Near real-time automatic speech recognition using speaker change events
Publication Date: 2010-Nov-21
The IP.com Prior Art Database
Disclosed is a method for a practical Automatic Speech Recognition (ASR) in the context of audio (and video) multi-party conference meetings, while maintaining low delay and recognition accuracy.
Page 01 of 3
Disclosed is a method for near real time ASR to be used in
multi-party conference calls. The need for results in
real-time or near real-time is strong, for example when a
person want to catch-up what he missed from the meeting start
or when there is a need to find relevant live meetings. The
disclosure relates to this need and brings a practical
solution with acceptable results, compared to post-processing
process and in many cases even better than a post-processing
on a mixed audio stream.
Automatic speech recognition (ASR) in the context of
audio (and video) conference calls is being developed for a
long period, having mixed success:
Systems that were extensively trained for specific user
("user enrollment") bring good results in case the user is
being identified reliably , but it is not practical for
server-side processing in systems with thousands of clients.

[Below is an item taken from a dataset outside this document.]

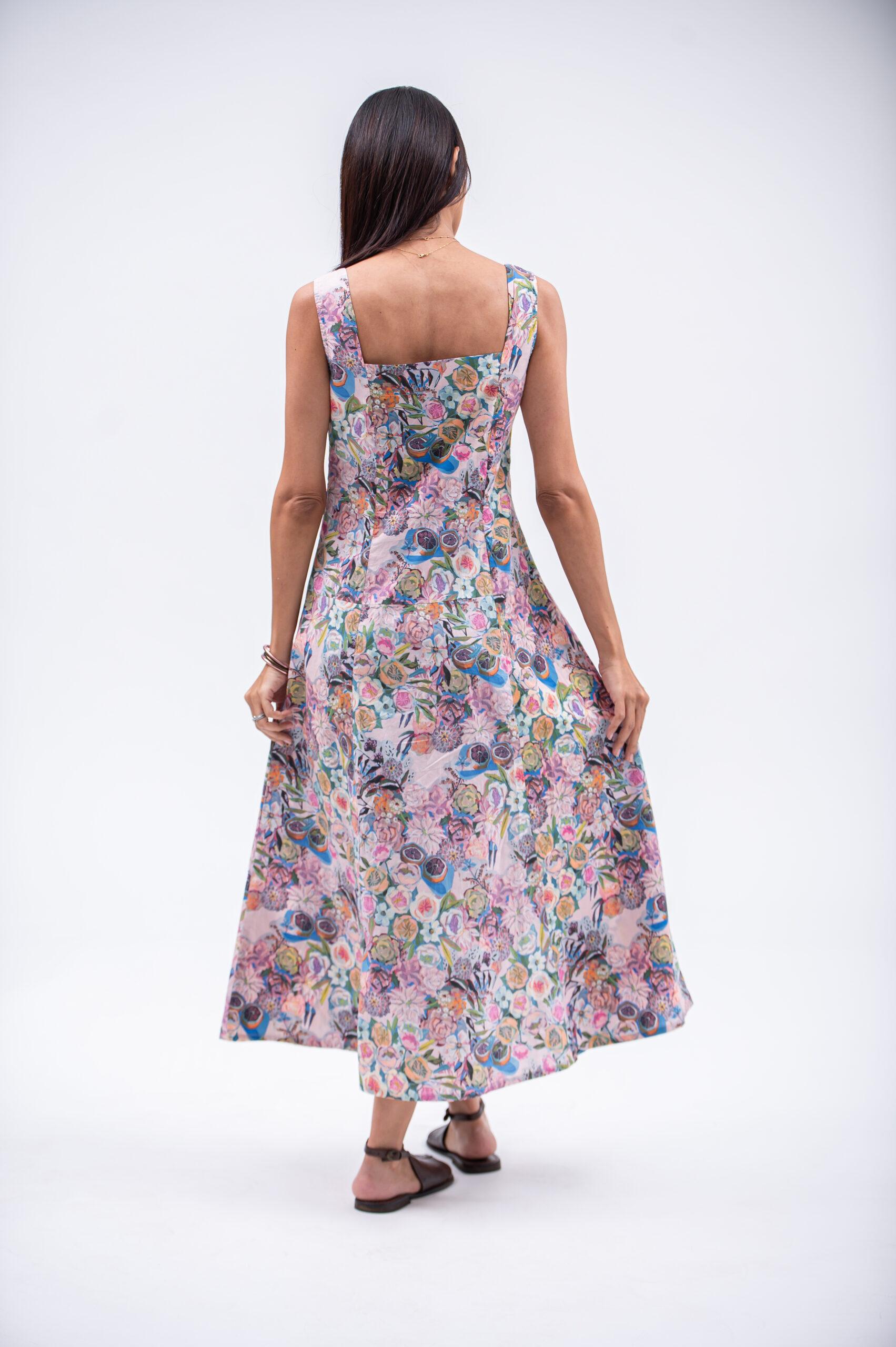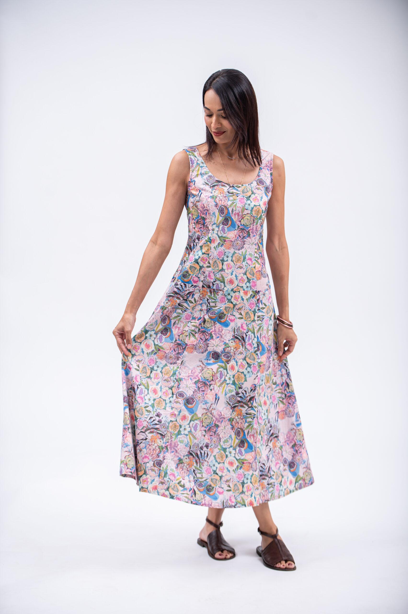 The Rosie dress is a sleeveless maxi dress in 100% printed cotton. Designed with princess lines for a flattering fit, it gently follows the silhouette before flaring softly at the hem. The dusty pink print adds a delicate, feminine touch, making it a light and comfortable dress for warm days and relaxed summer outings.

Systems that process speech in post-processing (multi-pass
decoder) , have improved accuracy, but doesn't fulfill all
the needs, as in many cases real-time or near real-time
results are required.
Systems that process speech in real-time have unacceptable
accuracy results (even if they have built in adaptation,
because we are in a multi-speaker environment).
The proposed system processes a meeting audio stream in a
real-time, splitting it to a small segments, but big enough
for an effective ASR process.
The split performed using predefined thresholds for minimal
and maximal segment length and using active speaker changes
events, in order to create optimal segments. The goal is to
create relatively small segments with minimal number of
various speakers. The ASR service is usually able better to
update the model for one or a small number of speakers than
for a big plurality of speakers. With small threshold values,
there is a big chance for segments with one speaker only.
Near real-time processing with much better results than a
real-time processing results